- EXERCISE BRIEF
Copy exactly, from the beginning of the material below, every line up to and including the one holding "диамантени гоблени - СЪРНА", with the pictures left out.

- DATA SHOWN

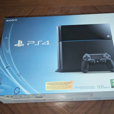PlayStation 4, originalmodell med 500 GB lagringsutrymme. Konsolen är återställd till fabriksinställningar och redo. Konsolen och kontrollen startar och fungerar.
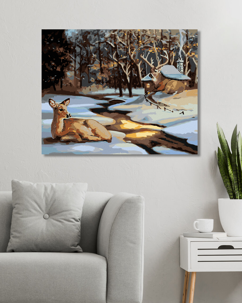 диамантени гоблени - СЪРНА И ЕЛЕН ДО СНЕЖНА КЪЩА (Д. РЪСТИ РЪСТ)
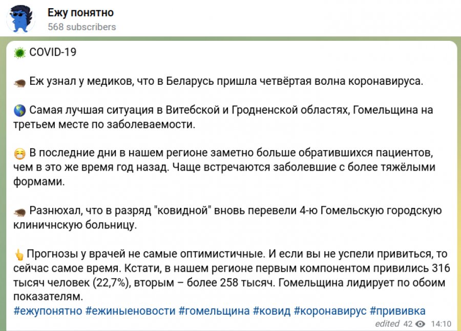 Со ссылкой на медиков неофициальный Телеграм-канал газеты Гомельского облисполкома сообщил 13 сентября, что в Беларусь уже пришла четвертая волна коронавируса. Как говорится в информации, «самая лучшая ситуация в Витебской и Гродненской областях, Гомельщина на третьем месте по заболеваемости».

- EXERCISE RESPONSE
PlayStation 4, originalmodell med 500 GB lagringsutrymme. Konsolen är återställd till fabriksinställningar och redo. Konsolen och kontrollen startar och fungerar.
 диамантени гоблени - СЪРНА И ЕЛЕН ДО СНЕЖНА КЪЩА (Д. РЪСТИ РЪСТ)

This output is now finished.